--- Exercise data Enclosed Below ---
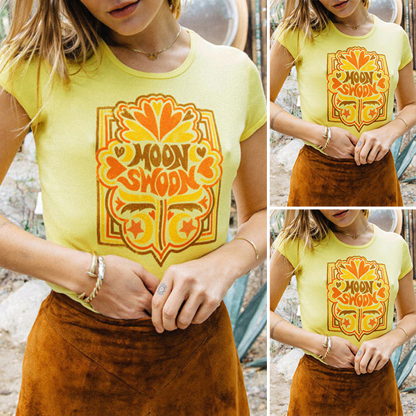 Add a dash of bright color to your simple and dull wardrobe with this t-shirt. Letters printed style,designed with short sleeve,
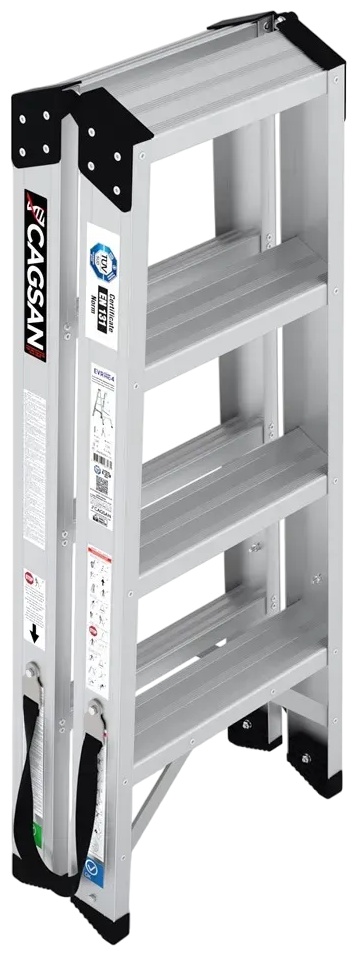 Scara dublă CAGSAN EVR-PRO (2x4 trepte) este o scară din aluminiu fiabilă și practică, potrivită atât pentru uz profesional, cât și casnic. Datorită designului cu două fețe, permite lucrul din ambele părți, sporind eficiența și confortul. Structura solidă din aluminiu anodizat oferă durabilitate și stabilitate, iar treptele antiderapante asigură siguranță maximă în utilizare. Scara se pliază ușor și ocupă puțin spațiu la depozitare sau transport. Modelul CAGSAN EVR-PRO 2x4 este alegerea ideală pentru lucrări de montaj, finisaje și reparații, oferind confort și sprijin sigur la înălțime.
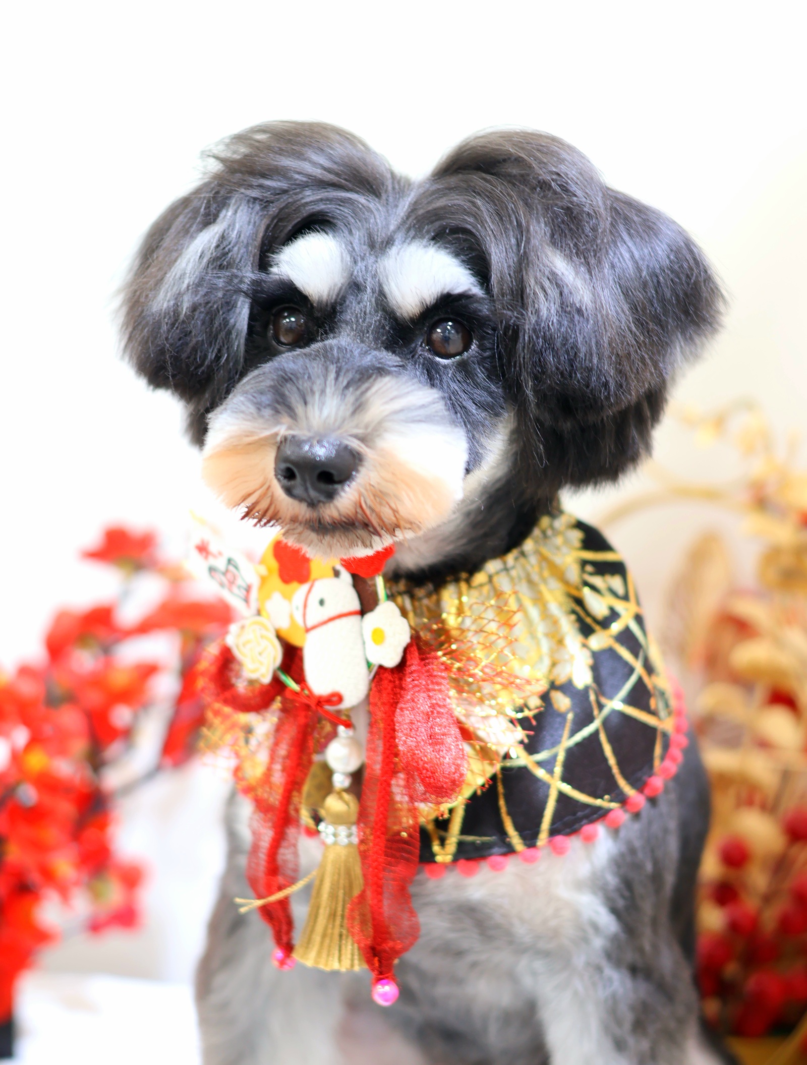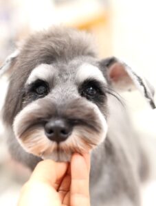 長いマズルを丸く可愛く見えるように慎重にカットしました。
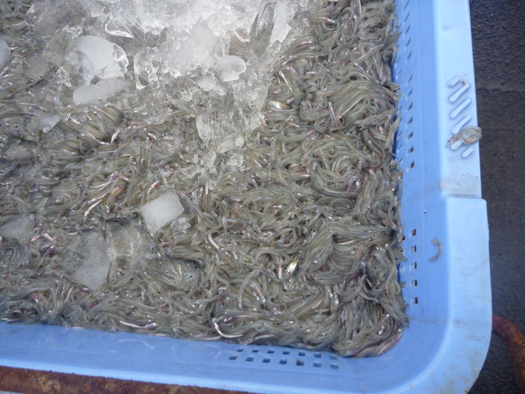 イカナゴ新子の成長は早く、もうくぎ煮を炊くのに最適サイズの4cmになっています。
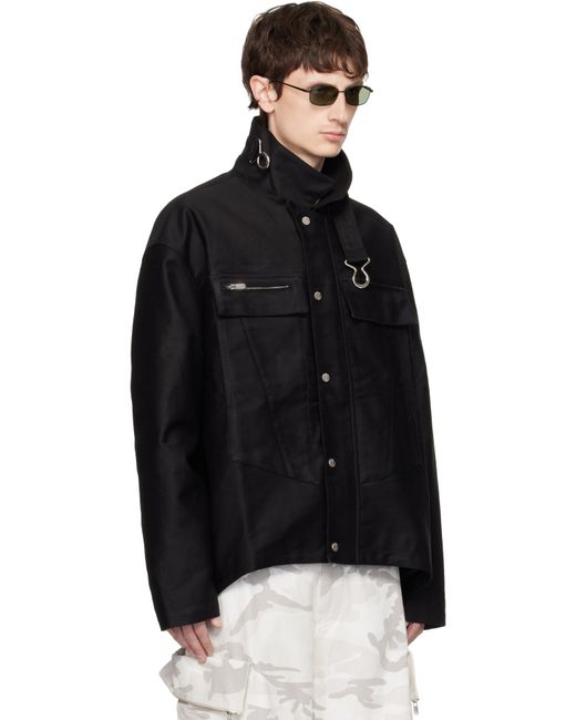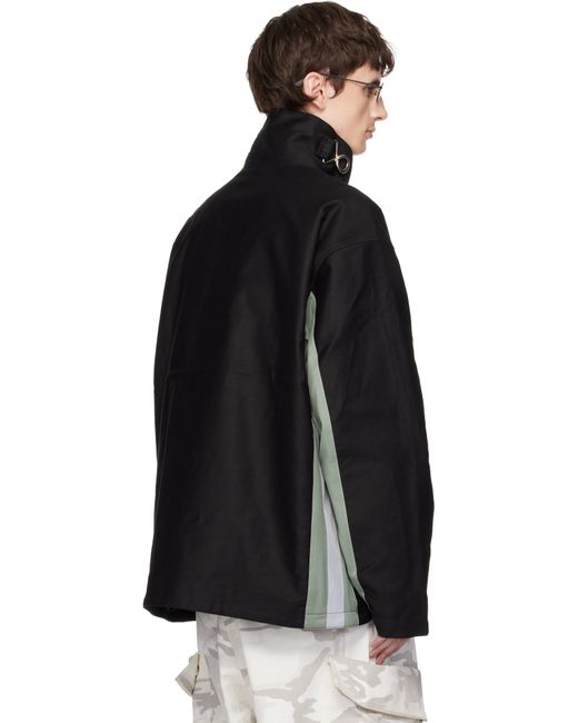 Hand-waxed cotton moleskin jacket. · Toggle tab at spread collar · Zip closure with press-stud placket · Flap pockets and zip pocket at chest · Reflective trim at side seams and sleeves · Press-stud fastening at cuffs · Drawstring at interior waist · Welt pockets at interior · Full taffeta lining Supplier color: Black
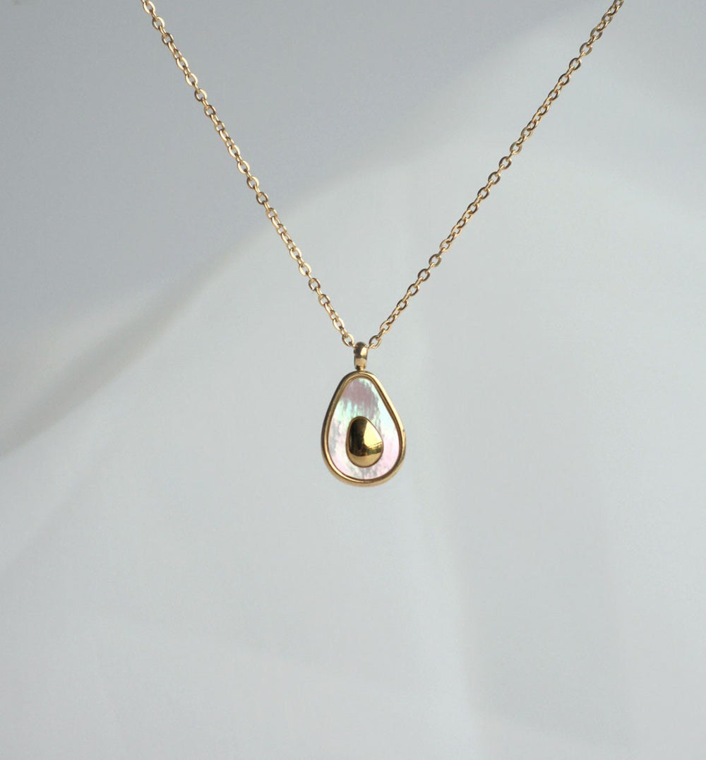 For those who are passionate about avocados, this necklace is a must-have. With a dainty design, it's perfect for everyday wear. The 14k gold-plated vermeil avocado has a unique touch with its enamel white part. You can even wear it in the shower without worrying about tarnishing.?
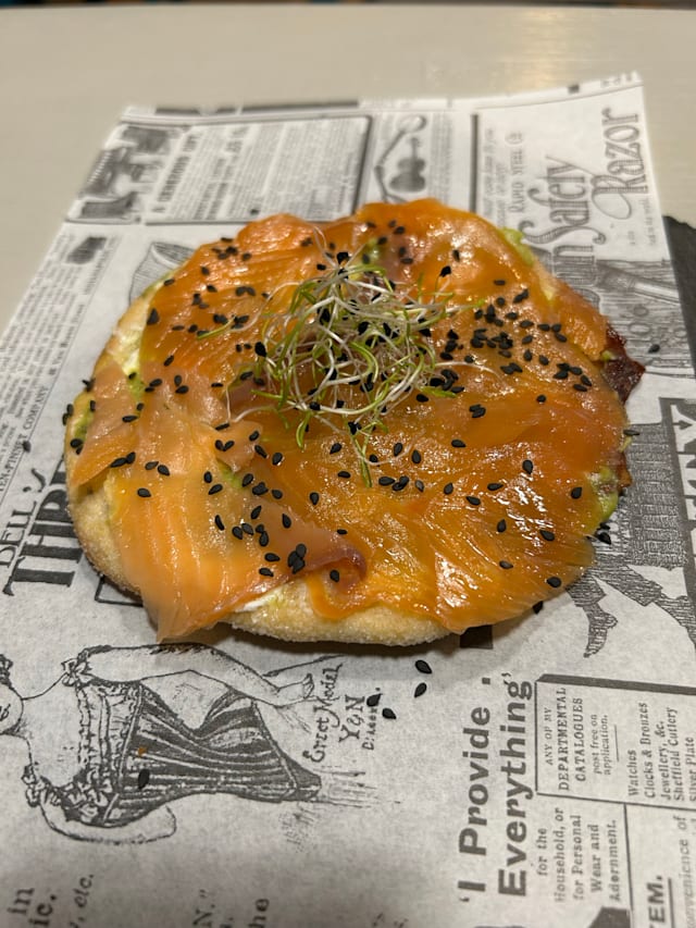 7/10Lovely fresh entrance decor on arrival which we chose to sit outside. Staff were nice & attentive. Burrata was tasty. Crushed eggs with chorizo & french fries was minced/shredded with two fried eggs on top. Seafood noodles was flavoursome & ideal is you had a starter. Dry white wine was nice. Table could have been pre set up with glasses, condiments etc but not too much of a bother. Overall happy
--- End of Enclosed Exercise data ---
Leaving every image behind, repeat the data in full and exactly.

 Add a dash of bright color to your simple and dull wardrobe with this t-shirt. Letters printed style,designed with short sleeve,
 Scara dublă CAGSAN EVR-PRO (2x4 trepte) este o scară din aluminiu fiabilă și practică, potrivită atât pentru uz profesional, cât și casnic. Datorită designului cu două fețe, permite lucrul din ambele părți, sporind eficiența și confortul. Structura solidă din aluminiu anodizat oferă durabilitate și stabilitate, iar treptele antiderapante asigură siguranță maximă în utilizare. Scara se pliază ușor și ocupă puțin spațiu la depozitare sau transport. Modelul CAGSAN EVR-PRO 2x4 este alegerea ideală pentru lucrări de montaj, finisaje și reparații, oferind confort și sprijin sigur la înălțime.
 長いマズルを丸く可愛く見えるように慎重にカットしました。
 イカナゴ新子の成長は早く、もうくぎ煮を炊くのに最適サイズの4cmになっています。
 Hand-waxed cotton moleskin jacket. · Toggle tab at spread collar · Zip closure with press-stud placket · Flap pockets and zip pocket at chest · Reflective trim at side seams and sleeves · Press-stud fastening at cuffs · Drawstring at interior waist · Welt pockets at interior · Full taffeta lining Supplier color: Black
 For those who are passionate about avocados, this necklace is a must-have. With a dainty design, it's perfect for everyday wear. The 14k gold-plated vermeil avocado has a unique touch with its enamel white part. You can even wear it in the shower without worrying about tarnishing.?
 7/10Lovely fresh entrance decor on arrival which we chose to sit outside. Staff were nice & attentive. Burrata was tasty. Crushed eggs with chorizo & french fries was minced/shredded with two fried eggs on top. Seafood noodles was flavoursome & ideal is you had a starter. Dry white wine was nice. Table could have been pre set up with glasses, condiments etc but not too much of a bother. Overall happy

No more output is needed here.